In March 2022, pursuant to an indenture we issued $400.0 million in principal amount of Senior Notes due March
2027 (the “2027 Notes”) and $800.0 million in principal amount of Senior Notes due March 2032 (the “2032 Notes”
and, together with the 2027 Notes, the “Notes”). The issuance of the 2027 Notes yielded net cash proceeds of
$395.7 million at an effective rate of 3.5346% and the issuance of the 2032 Notes yielded net cash proceeds of
$790.5 at an effective rate of 3.8429%. The 2027 Notes and the 2032 Notes pay a fixed rate of interest of 3.3% and
3.7% per annum, respectively. Interest on the Notes is payable semi-annually in arrears on March 15 and September
15 of each year until the principal is paid or made available for payment.

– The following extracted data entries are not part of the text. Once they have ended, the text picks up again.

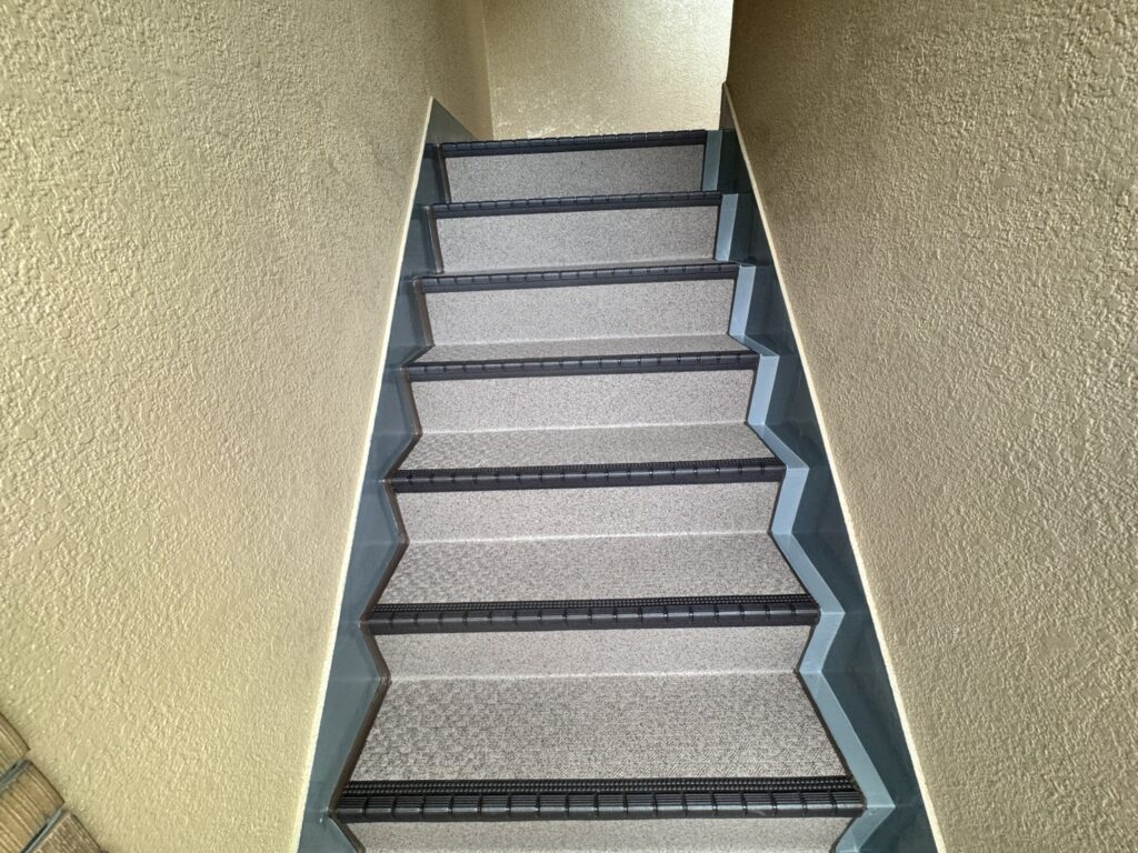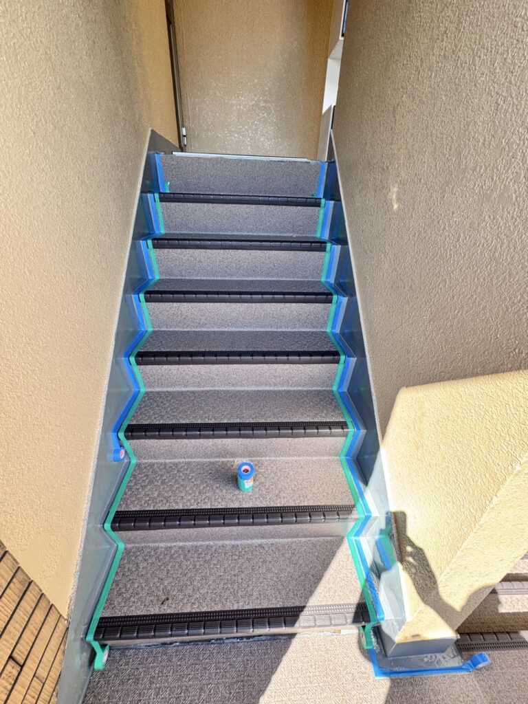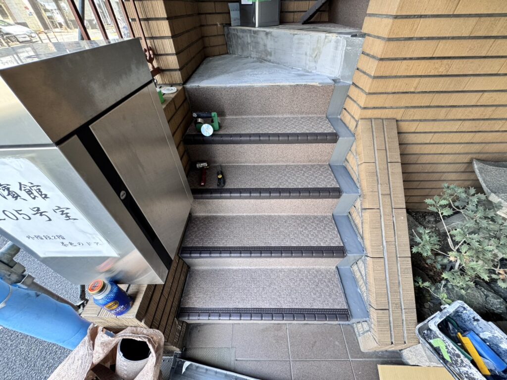 長尺工事というのはあまり聞き馴染みがない方も多いのではないでしょうか?長尺工事とは、主にマンションの廊下や階段に防滑性ビニル床シートである「長尺シート」を貼り付ける工事のことを指します。このシートは、耐久性や防水性、防滑性に優れており、特に共用部分の床の改修や修繕に多く用いられます。
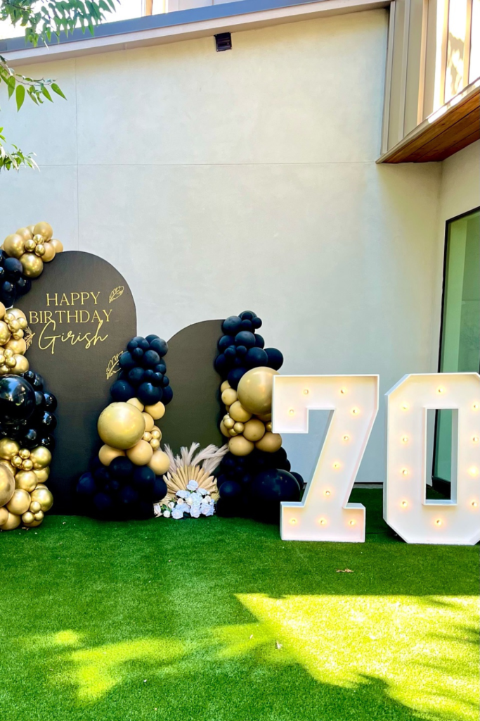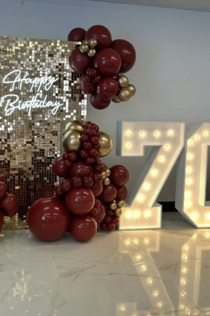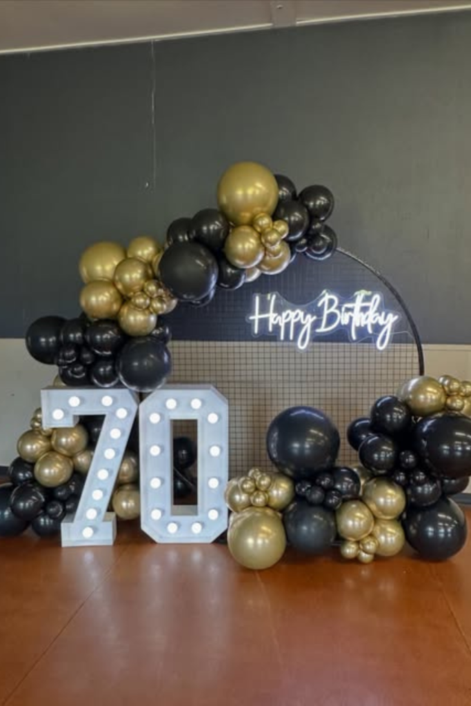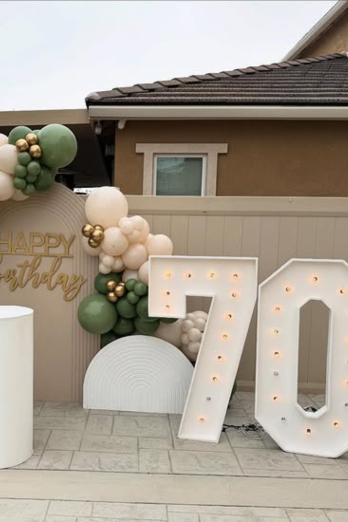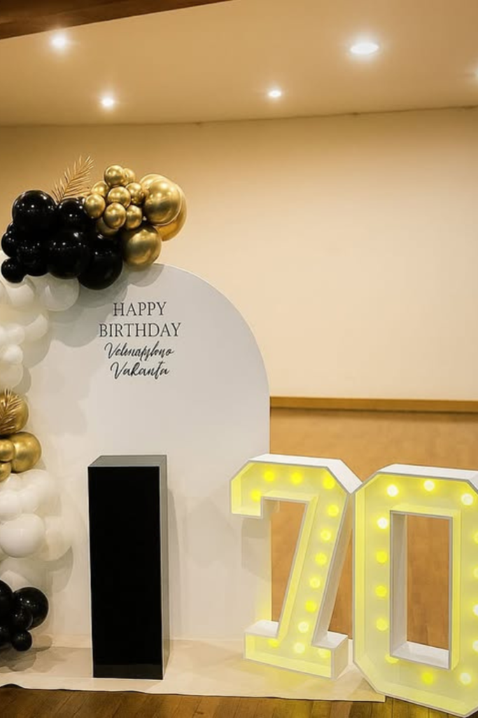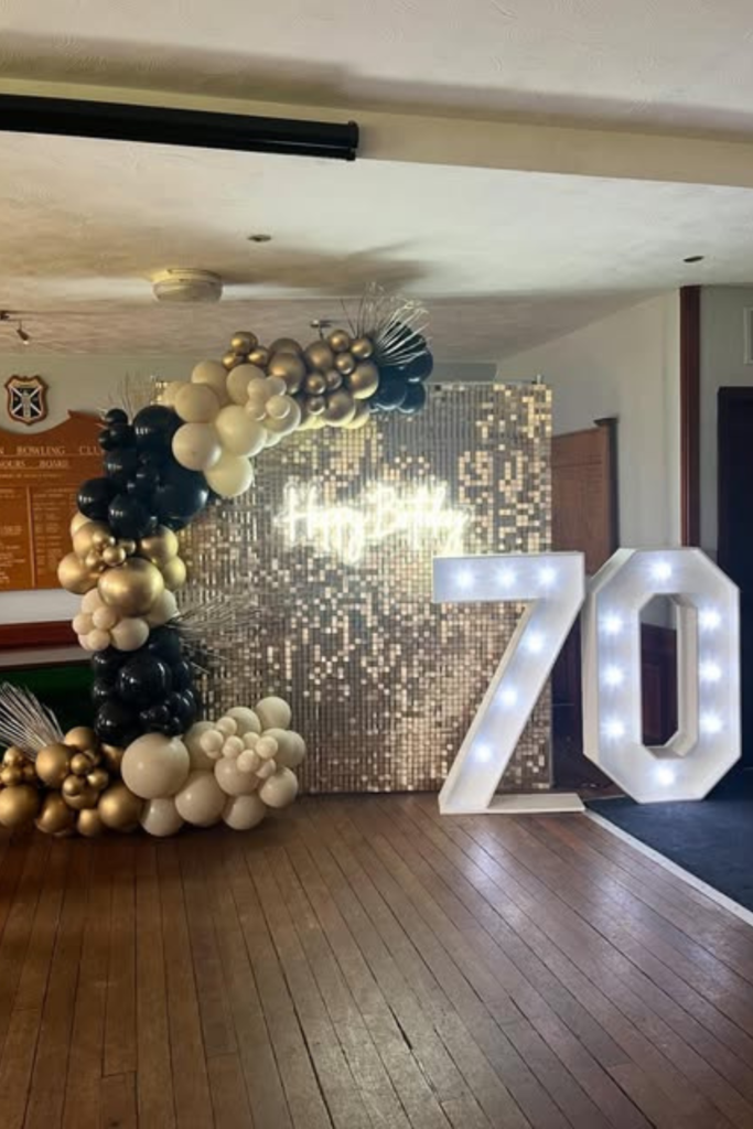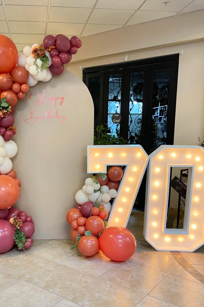 Nothing highlights the milestone better than glowing numbers. Light-up “70” works best in indoor venues or evening setups.
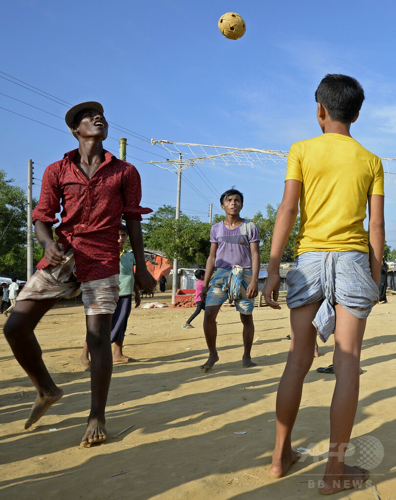 【11月19日 AFP】ミャンマーと国境を接するバングラデシュの町コックスバザール(Cox's Bazar)に近いクトゥパロン(Kutupalong)の難民キャンプ。竹製の仮設シェルターがひしめく中、残り少なくなった空き地でイスラム系少数民族ロヒンギャ(Rohingya)の少年たちがリフティングの一種であるチンロン(Chinlone)という球技に夢中になっていた。彼らにとっては今でも楽しめる数少ない娯楽の一つだ。
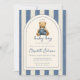 This cute boy baby shower invitation, featuring a teddy bear wearing blue jean dungarees, can be personalized with all your special baby shower details, and special photo and QR code on the reverse. Designed by Thisisnotme©
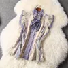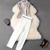 Alta rua de moda 2020 verão feminino casual outfits babados gola arco impressão topo e calças 2 peças conjunto roupas
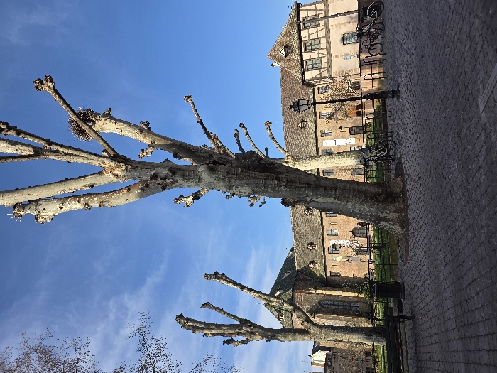 The image displays an outdoor urban scene in Strasbourg, France, under a clear blue sky with sparse white clouds. The foreground consists of a dark grey cobblestone plaza. On the left, a black slatted park bench is positioned next to a black cylindrical trash receptacle. Directly in front of the background buildings, a low dark metal railing separates the paved area from a narrow strip of green grass. Three prominent, bare deciduous trees, severely pollarded with thick trunks and cut-back branches, dominate the scene. The largest tree stands centrally, its upper branches containing a visible bird's nest. A smaller, similarly pollarded tree is to its left, and another is partially visible on the far left. Bare branches of an additional tree are in the upper-left corner. In the midground, a black ornamental street lamp with a lantern top stands between the central tree and the building on the right. Several dark-colored bicycles are parked, leaning against the metal railing or dedicated bike racks, with at least one bicycle clearly visible on the right side of the central tree and others further to the right behind the street lamp. The background features historic European architecture. On the left, a large, multi-story stone building with reddish-brown masonry, arched windows (some with gothic tracery), and a complex, steeply pitched dark green/brown tiled roof with dormers is visible. This structure appears to be a significant public or institutional building. Adjacent to it on the right, and behind the central tree, is another stone building with multiple rectangular windows. To the far right, a distinctive half-timbered building with light-colored infill panels and dark wooden beams features multiple windows and a steeply pitched tiled roof. No individuals are clearly discernible or engaged in specific actions, with only a very small, indistinct figure appearing in the far distance near the central background building. The environment suggests a public square or plaza during daylight, likely in winter or early spring due to the trees lacking foliage.
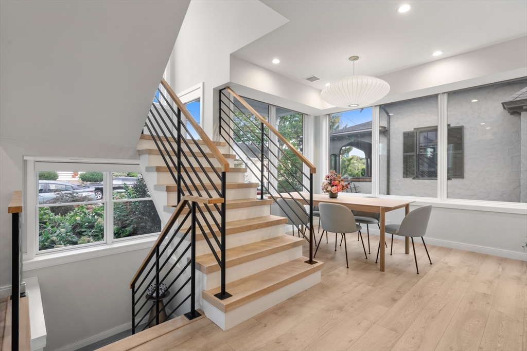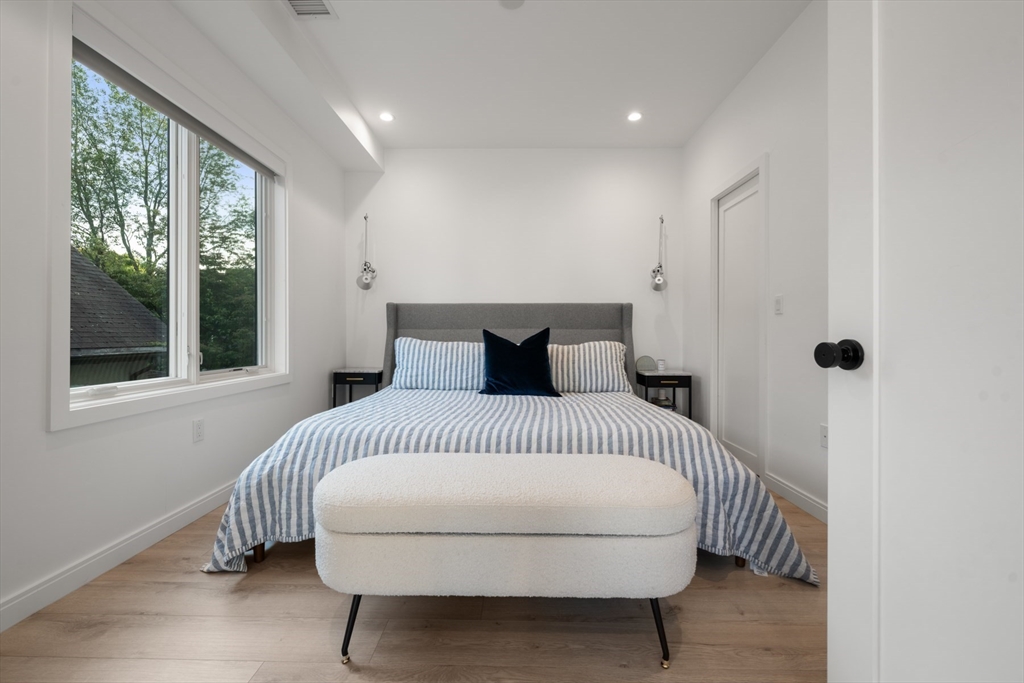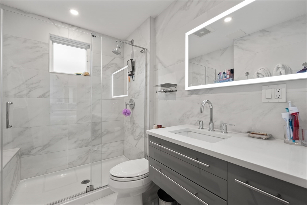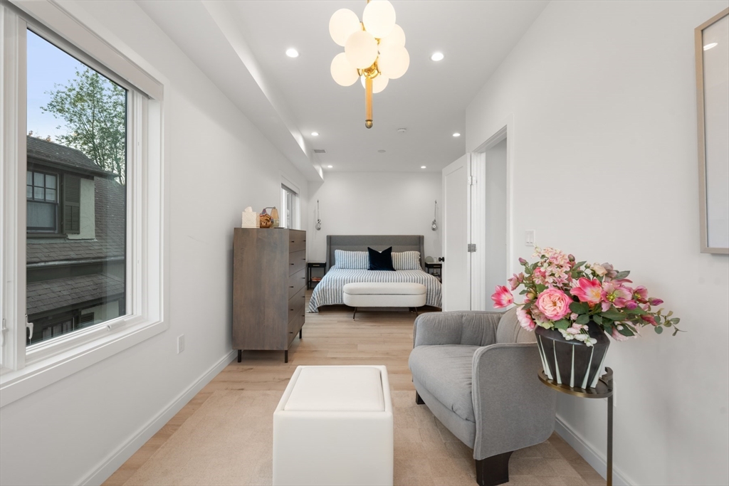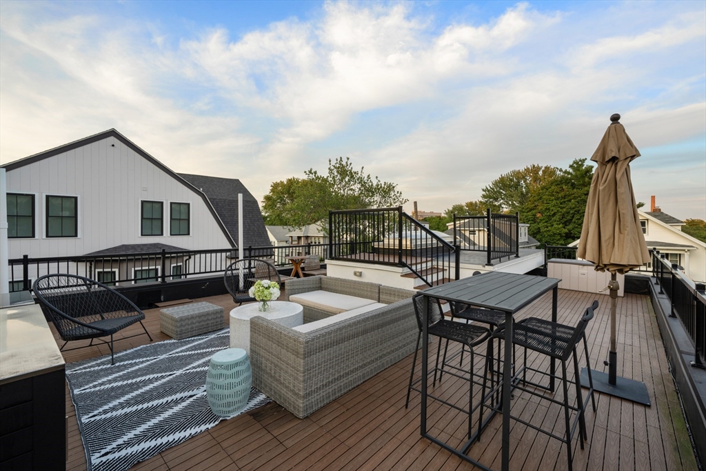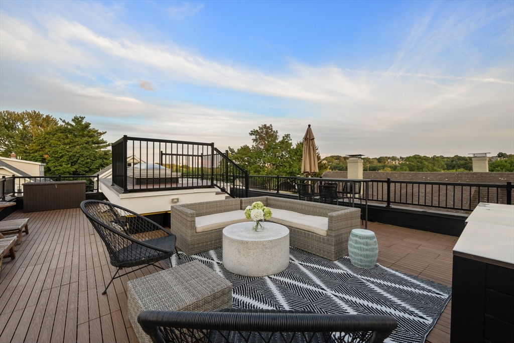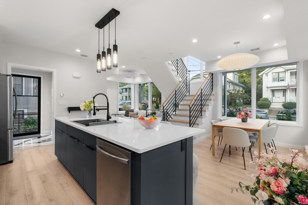 This contemporary East End townhouse checks every box: refined finishes, abundant natural light, private roof deck with Charles River views, parking, and a prime location minutes to Cambridge, Boston, and Arsenal Yards. The main level offers an open layout with a sleek kitchen featuring quartz countertops, custom cabinetry, and stainless steel appliances, flowing to living and dining areas framed by floor-to-ceiling windows with automated Lutron shades. Upstairs are two bedrooms, including a generous primary suite with a redesigned bath and fully customized Elfa walk-in closet. The private roof deck sits just above—ideal for morning coffee or sunset entertaining. The lower level provides flexible space for media, office, fitness, or guests, plus a full bath and laundry. Additional highlights include low-maintenance landscaping with smart irrigation, shared outdoor storage, and excellent access to Charles River trails and commuter routes.
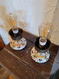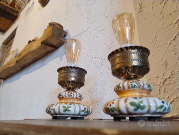 Elegante coppia di abat-jour con base in ceramica decorata e dettagli in ottone. Perfetti per aggiungere un tocco di stile a qualsiasi ambiente. - Base in ceramica finemente decorata. - Dettagli in metallo. - Alte cm 14. - Lampadine a vista con filamento (non incluse).
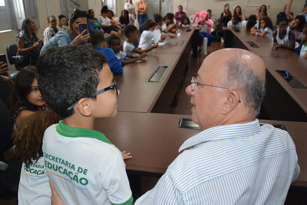 A professora Érika Medeiros, que acompanhou a turma, explicou o objetivo da visita. “No segundo ano, os alunos estudam Feira de Santana: a história, a cultura, os artistas e as construções históricas. Então, hoje tiramos o dia para conhecer, na prática, tudo isso. Já passamos pela Quixabeira da Matinha, visitamos igrejas, almoçamos juntos, fomos ao Casarão Fróes da Motta e viemos à Prefeitura. Essa vivência fortalece a aprendizagem, porque eles viram fotos e agora podem comparar com a realidade”.
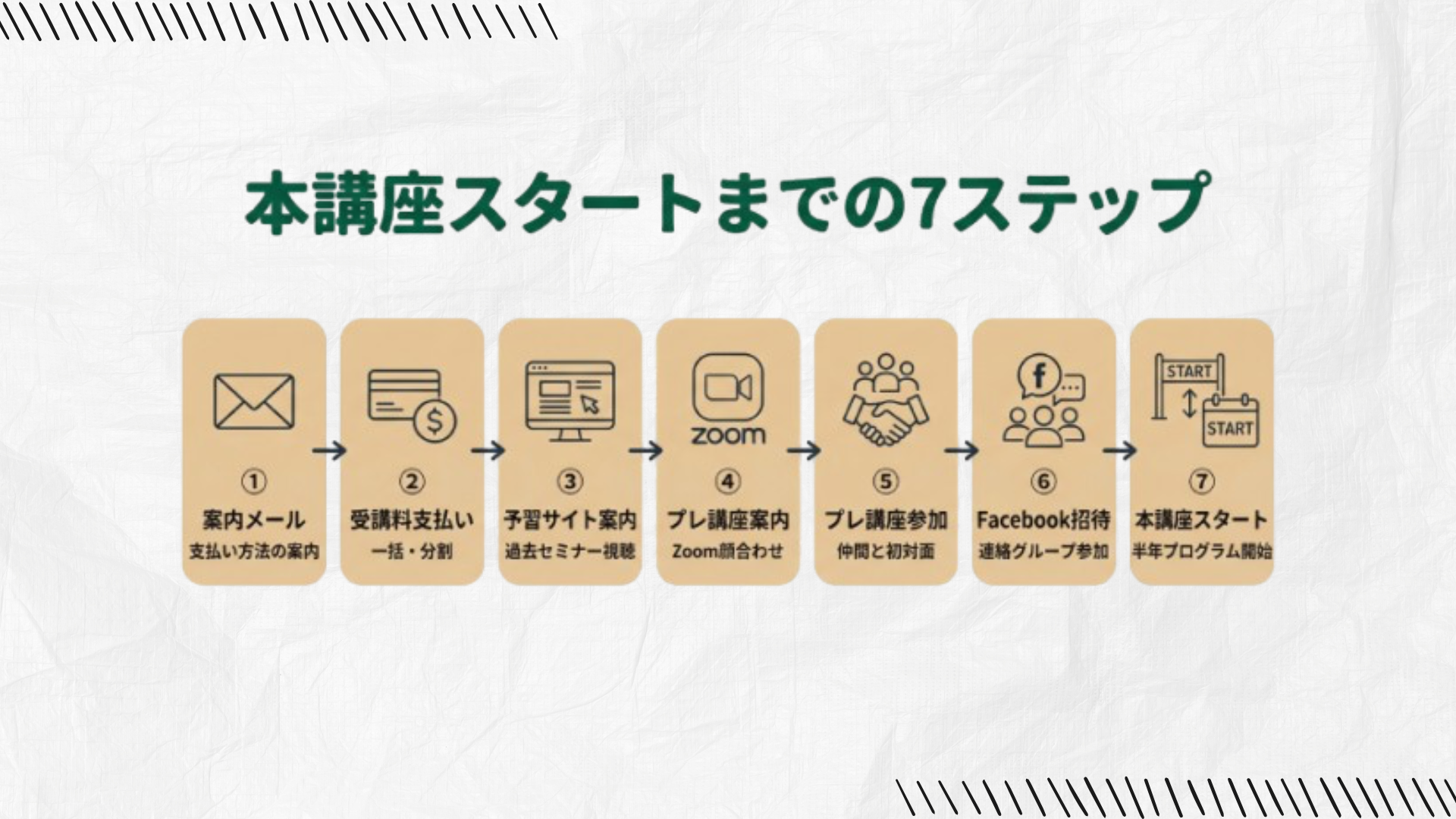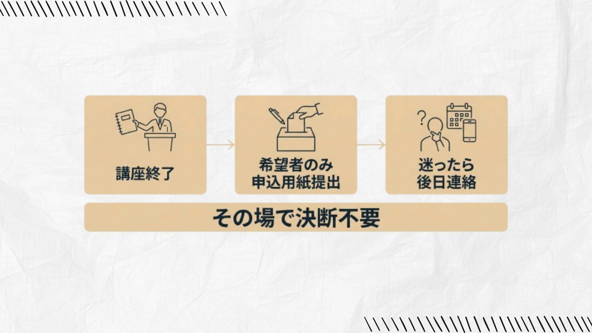 1日集中講座の最後に「本講座を受けます!」と決めた後の流れは、こちらです。
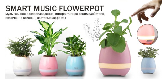 для цветов Smart Music Flowerpot. Он воспроизводит музыку при соприкосновении человека с листьями растения. Обладает встроенной bluetuth

Critical Accounting Policies and Estimates

The accompanying discussion and analysis of our financial condition and results of operations are based upon our
consolidated financial statements, which have been prepared in accordance with U.S. generally accepted accounting
principles (GAAP). The preparation of financial statements in conformity with GAAP requires management to
make estimates and assumptions that affect the reported amounts of assets, liabilities and contingencies as of the
date of the financial statements and reported amounts of revenues and expenses during the reporting periods. We
evaluate our estimates on an on-going basis. We base our estimates on historical experience and on other
assumptions that are believed to be reasonable under the circumstances, the results of which form the basis for
making judgments about the carrying values of assets and liabilities that are not readily apparent from other sources.
However, future events may cause us to change our assumptions and estimates, which may require adjustment.
Actual results could differ from these estimates. We have determined that for the periods reported in this Annual
Report on Form 10-K the following accounting policies and estimates are critical in understanding our financial
condition and results of operations.

Accounting for Income Taxes
We operate in multiple jurisdictions and our profits are taxed pursuant to the tax laws of these jurisdictions. Our
effective income tax rate may be affected by the changes in or interpretations of tax laws and tax agreements in any
given jurisdiction, utilization of net operating loss and tax credit carryforwards, changes in geographical mix of
income and expense, and changes in our assessment of matters such as the ability to realize deferred tax assets. As
a result of these considerations, we must estimate income taxes in each of the jurisdictions in which we operate.
This process involves estimating current tax exposure together with assessing temporary differences resulting from
the different treatment of items for tax and accounting purposes. These differences result in deferred tax assets and
liabilities, which are included in the consolidated balance sheet.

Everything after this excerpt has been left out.